Мои услуги больше не требуются.
Поэтому Юпп Шмитц еще остается в плену. Я уезжаю домой.
Юпп Шмитц передает мне свое письмо. Я жму ему руку. Для него такая ситуация выглядит трагически. Но в этом нет моей вины.
Я облегченно перевожу дух, когда выхожу из Центрального актива и снова оказываюсь на улице.
Вильгельм Хойшеле, у которого завтра день рождения, дал мне несколько рублей, чтобы я купил ему сигареты и бутерброд.
Я должен где-нибудь купить это.
У меня совсем промокли ноги. На улице дует такой сильный ветер, что продувает мою шинель насквозь.
Не хватало еще, чтобы я не купил к дню рождения Вильгельма Хойшеле сигареты и бутерброд!
В это время достать сигареты бывает непросто.
В конце концов я нахожу одну пачку у какого-то инвалида на трамвайной остановке.
В одной из торговых палаток на Советской улице еще остались бутерброды. Я осторожно заворачиваю все в бумагу.
Как хорошо, что я дошел до этой палатки!
Этой ночью приходит приказ, согласно которому отъезжающие на родину должны приготовиться к отправке.
Моей фамилии в списке военнопленных 8-го лагеря все еще нет.
Теперь не хватало только, что мне снова придется шинковать капусту, в то время как уезжающие домой уже натягивают новенькие ватные брюки и телогрейки.
Совершенно случайно выясняется, что сегодня мне не нужно будет шинковать капусту на холодном ветру. Я занимаюсь стенгазетой, в которой уже написаны заголовки и нарисованы иллюстрации. Осталось только переписать тексты статей. Печатными буквами и черной тушью.
Тем временем Конрад отправляется в 13-й лагерь. В конце концов, должен же прийти приказ относительно меня.
Вернувшись назад, Конрад заявляет, что я не должен волноваться. Якобы Грегор лично спрашивал капитана Белорова относительно меня. В 8-й лагерь вот-вот должен поступить приказ о моей отправке домой.

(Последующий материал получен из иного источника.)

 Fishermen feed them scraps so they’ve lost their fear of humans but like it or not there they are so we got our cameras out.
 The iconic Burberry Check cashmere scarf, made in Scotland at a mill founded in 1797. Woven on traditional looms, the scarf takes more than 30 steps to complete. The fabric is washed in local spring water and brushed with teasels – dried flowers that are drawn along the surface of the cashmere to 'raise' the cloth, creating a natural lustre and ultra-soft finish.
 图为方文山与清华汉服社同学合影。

Когда в два часа дня выясняется, что приказа все еще нет, я замечаю, что написал статью не под тем заголовком. Хоть волком вой от досады! Мне хочется все разорвать к чертовой матери! Но этим делу не поможешь. Выходит, что и на этот раз я не поеду домой. Для остальных членов Центрального актива не так уж и плохо, если им придется пробыть здесь еще одну зиму. Ведь они все курсанты, принявшие присягу. Если они не совершат тяжелой политической ошибки и не попадут в немилость, то получат хорошие должности.

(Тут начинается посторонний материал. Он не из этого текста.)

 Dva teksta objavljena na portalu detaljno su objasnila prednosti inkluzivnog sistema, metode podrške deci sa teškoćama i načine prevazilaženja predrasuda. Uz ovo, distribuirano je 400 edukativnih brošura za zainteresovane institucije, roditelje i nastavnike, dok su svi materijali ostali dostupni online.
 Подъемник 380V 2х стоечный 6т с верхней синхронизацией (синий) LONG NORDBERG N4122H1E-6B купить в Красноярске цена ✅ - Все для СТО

А меня будут снова и снова опускать до состояния обычного пленного, раз я им больше не нужен.
Они снова остригут меня наголо, как каторжника. До сих пор так происходило каждую зиму.

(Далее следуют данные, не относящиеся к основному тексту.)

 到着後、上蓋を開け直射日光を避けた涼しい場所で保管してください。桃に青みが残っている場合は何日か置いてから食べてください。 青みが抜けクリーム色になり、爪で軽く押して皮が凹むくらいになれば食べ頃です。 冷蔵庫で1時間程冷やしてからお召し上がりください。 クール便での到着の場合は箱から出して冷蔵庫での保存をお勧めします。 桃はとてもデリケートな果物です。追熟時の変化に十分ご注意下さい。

И вдруг, совершенно неожиданно, приходит спасительная весть. Конрад сбегал еще раз в комендатуру:
— Собирайся быстрее! Через два часа вы отправляетесь на вокзал!
Я бы наверняка погиб этой зимой, если бы остался здесь! Как странно, а ведь еще пять минут тому назад я вполне допускал, что смогу пережить и эту зиму за колючей проволокой.
Но теперь у меня даже не остается времени, чтобы порадоваться.
— Включена моя фамилия в список отъезжающих? — уточняю я у немецкого врача.
— Только что приходила медсестра с приказом. Номер девяносто шесть. Ты самый последний!
Я несусь со всех ног на вещевой склад и говорю кладовщику:
— Я тоже уезжаю домой. Мне надо получить положенное мне обмундирование!
— Ты можешь взять с собой только одни ватные брюки, одну телогрейку, одну пару ботинок, одну пару рукавиц, две рубашки и две пары кальсон. Белье получишь в бане. Тебе разрешается взять с собой и один суконный пиджак. Все остальное ты обязан сдать.
— Но я хотел бы взять с собой, по крайней мере, свои суконные брюки! И шинель!
— Хорошо, я спрошу об этом у заведующего складом.
— Скажи ему, что, скорее всего, у меня дома вообще ничего не осталось.
Мне разрешают оставить себе брюки, а шинель нет. Нечего не поделаешь, попытаюсь провезти ее без разрешения.
Нет, никто не собирается проявлять великодушие, хотя нас и отправляют домой. Раньше пленные говорили: «Я бы уехал даже голым, лишь бы они отпустили меня». Но сейчас, когда это время пришло, каждый хочет провезти все, что возможно. Каждый готов дойти до последней черты в своем сопротивлении.
Некоторые надевают на себя по три пары кальсон. Под рубашку поддевают свитер. И мне тоже не хотелось бы расставаться со своими вещами. Таких вещей, которые запрещено брать с собой, набралось не так уж и много. Но вот, например, у меня есть русская рубашка-косоворотка из тончайшей ткани. С высоким воротником. Настоящий сувенир из России.